The systems approaches within the framework are where payers can employ traditional utilization management tools, often implementing many tools simultaneously. For instance, MassHealth, which is Massachusetts’ Medicaid program, requires prior authorization for high-dose opioid prescriptions and overlapping prescriptions. By imposing 3 sequential high-dose limits over a 15-year period, the average daily dose of opioids decreased after each step, the percentage of patients exceeding the limits decreased over time, and the greatest impact was seen in patients who used the highest doses. Importantly, this strategy allowed for multidisciplinary experts to discuss outliers and identify cases that should be exempt from the rules.

“We don’t have evidence that says this is exactly the right way,” Greenwood said. “…What’s very important here is that any time you are implementing a tool such as this, that it’s informed by the evidence.” This evidence can come from national literature or from looking at a plan’s own data, she added.

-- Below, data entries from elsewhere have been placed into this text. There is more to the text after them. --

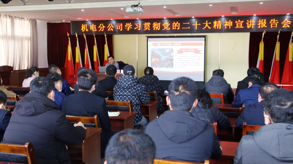“黨的二十大報(bào)告與大家有什么密切聯(lián)系?作為黨員干部如何去貫徹落實(shí)......”下午3點(diǎn)的機(jī)電分公司會議室,黨的二十大精神宣講報(bào)告正在進(jìn)行中,該公司黨委書記接連拋出問題,引得現(xiàn)場干部職工凝神傾聽。
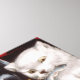 This design features an illustration by Currier and Ives. It depicts three white kittens standing on a table. One of the kittens is drinking from a glass of port wine. The other kitten has opened a tin of sardines and is happily eating a fish. The kitten in the middle appears to be jealous of the kitten that is drinking the wine and is acting aggressively. It's a cute image of pet cats enjoying themselves at a party that has been thrown by their human owners. The original artwork was completed in 1871.
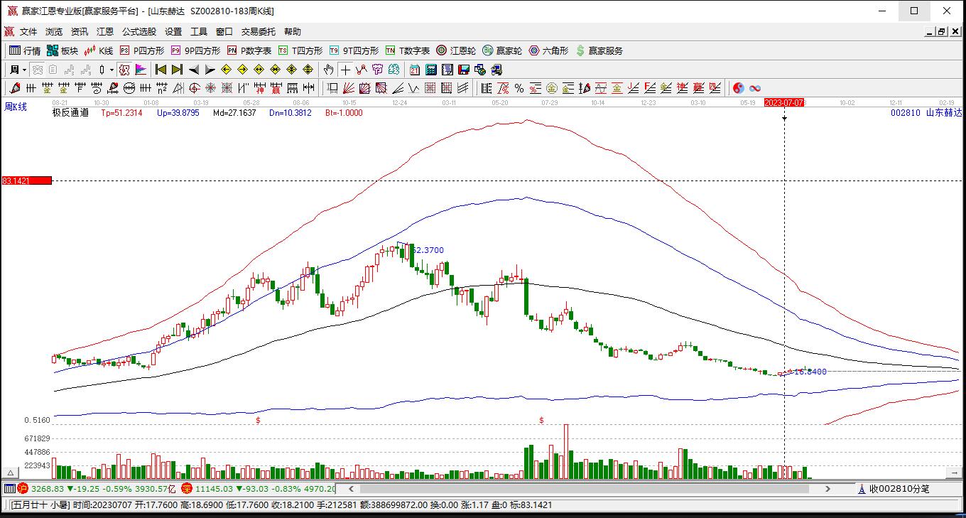 依據(jù)贏家江恩極反通道趨勢工具展示,本周股價處于強勢通道線上方超強通道,近期自2026年1月23日突破強勢通道線,上漲至本周,依據(jù)贏家極反通道規(guī)則:站穩(wěn)一線看高一線,短期關(guān)注此線支撐,如支撐不破,保持在超強通道內(nèi),波段繼續(xù)看多,有望挑戰(zhàn)超強上軌線。若跌破超強通道線17.7959,進入強勢通道,調(diào)整周期繼續(xù)延長。
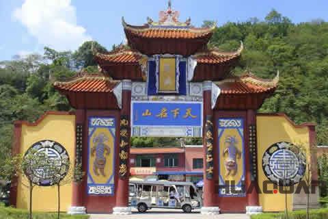 名山雖不高,卻也是古木參天,怪石林立,樓臺亭榭錯落有致;廟宇殿堂巧奪天工…… 為神奇的是天子殿,那陰森森的殿中央,身高6米的天子爺赫然高坐,神目如電,左右朝臣俯首聽命,謙恭有加;座前四大判官或捧生死簿,或握勾魂索,秉公執(zhí)法,懲惡揚善。堂下十大陰帥,威風(fēng)凜凜對排肅立,殿兩旁的東西地獄是陰曹地府的行刑場所,上刀山、下火海、甑子蒸、油鍋炸、磨子推、鋸子鋸、車馬裂、狼狗吃等種種酷刑,令人慘不忍睹,毛骨聳然。
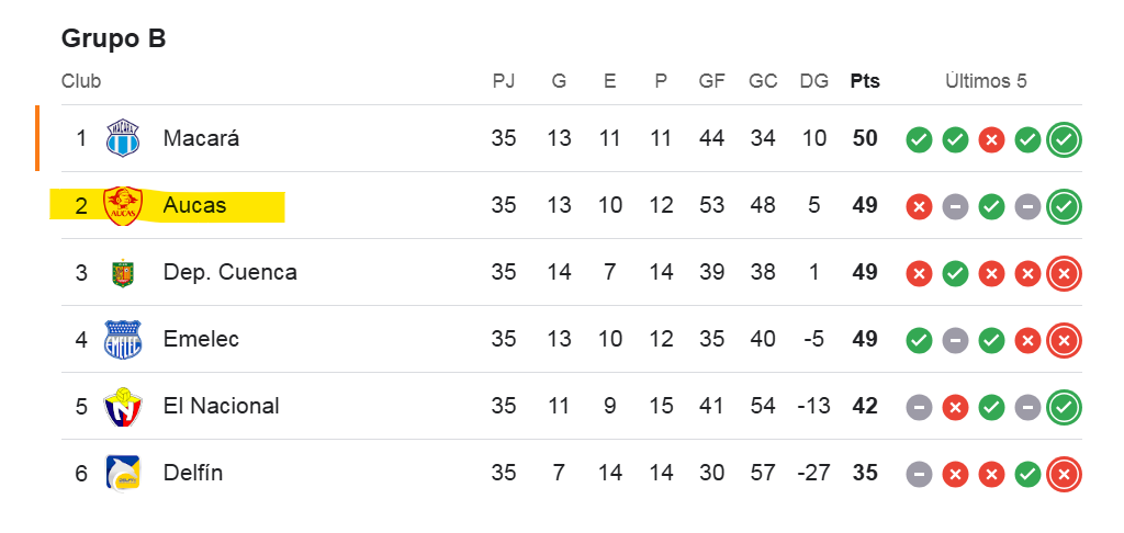 Dentro de su liguilla, Aucas estaba obligado a ganar para seguir en pelea por el cupo hacia el segundo máximo torneo de clubes de América. Estaba en el cuarto puesto del grupo y, de ganar, podría igualar al segundo y al tercero y ponerse a un punto del líder.
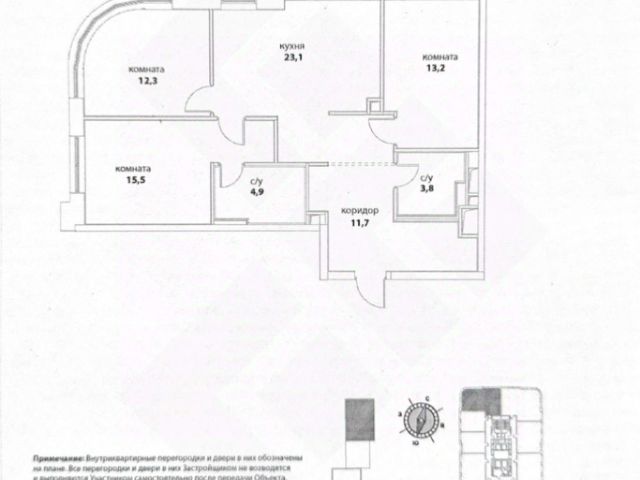 Продаётся трёхкомнатная квартира в Москве.
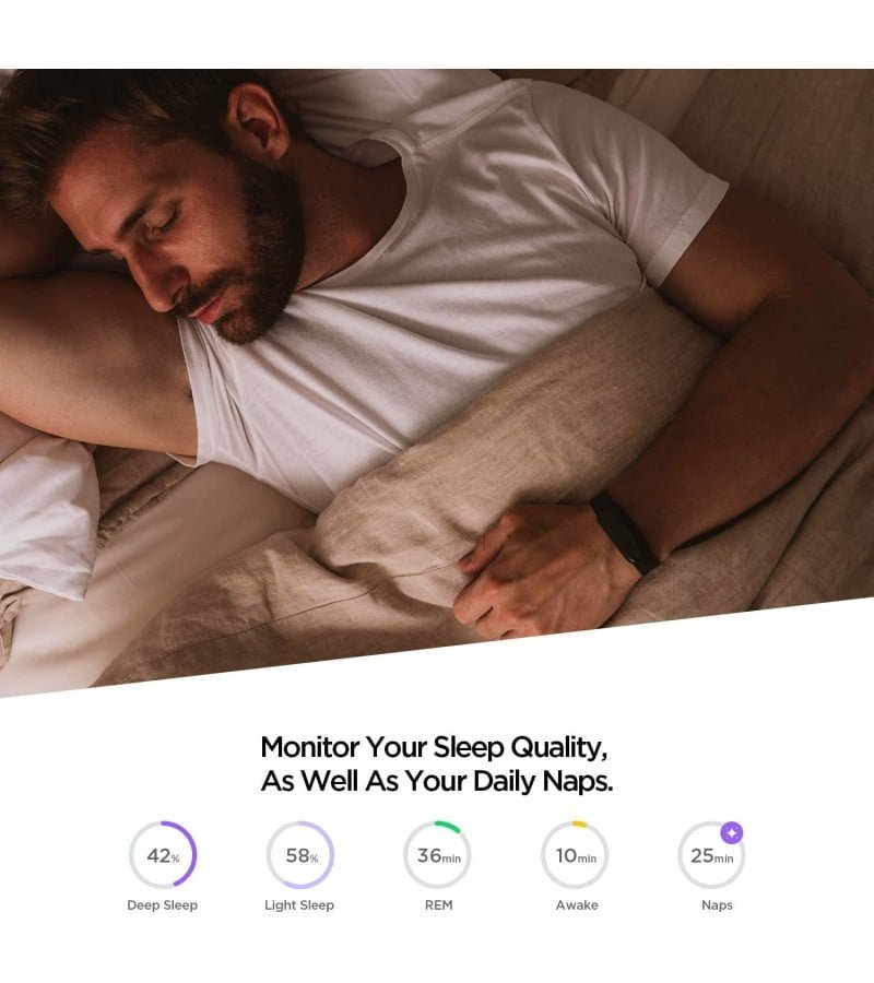 Monitor Your Sleep Quality. As Well As Your Daily NapsAmazfit Band 5 professionally interprets the sleep characteristics at each stage and analyze sleep quality. to help you adjust your sleep habits. It even monitors your 20-minute daily nap. |
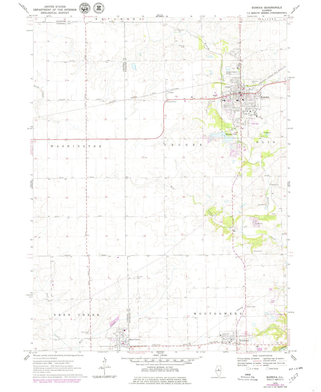 Classic USGS Eureka Illinois 7.5’x7.5′ Topo Map โ MyTopo Map Store

Joining Greenwood to discuss the fourth component of the framework was Kimberly Lenz, PharmD, clinical pharmacy manager, of MassHealth/Office of Clinical Affairs and University of Massachusetts Medical School. When looking to monitor and mitigate the risks of opioids, patient review and restriction programs can help drive safer utilization by “locking in” patients to one specific provider or pharmacy, Lenz said. Additionally, giving managed care organizations access to the state prescription drug monitoring program (PDMP) can be beneficial to both member and payer if it results in better coordination of care.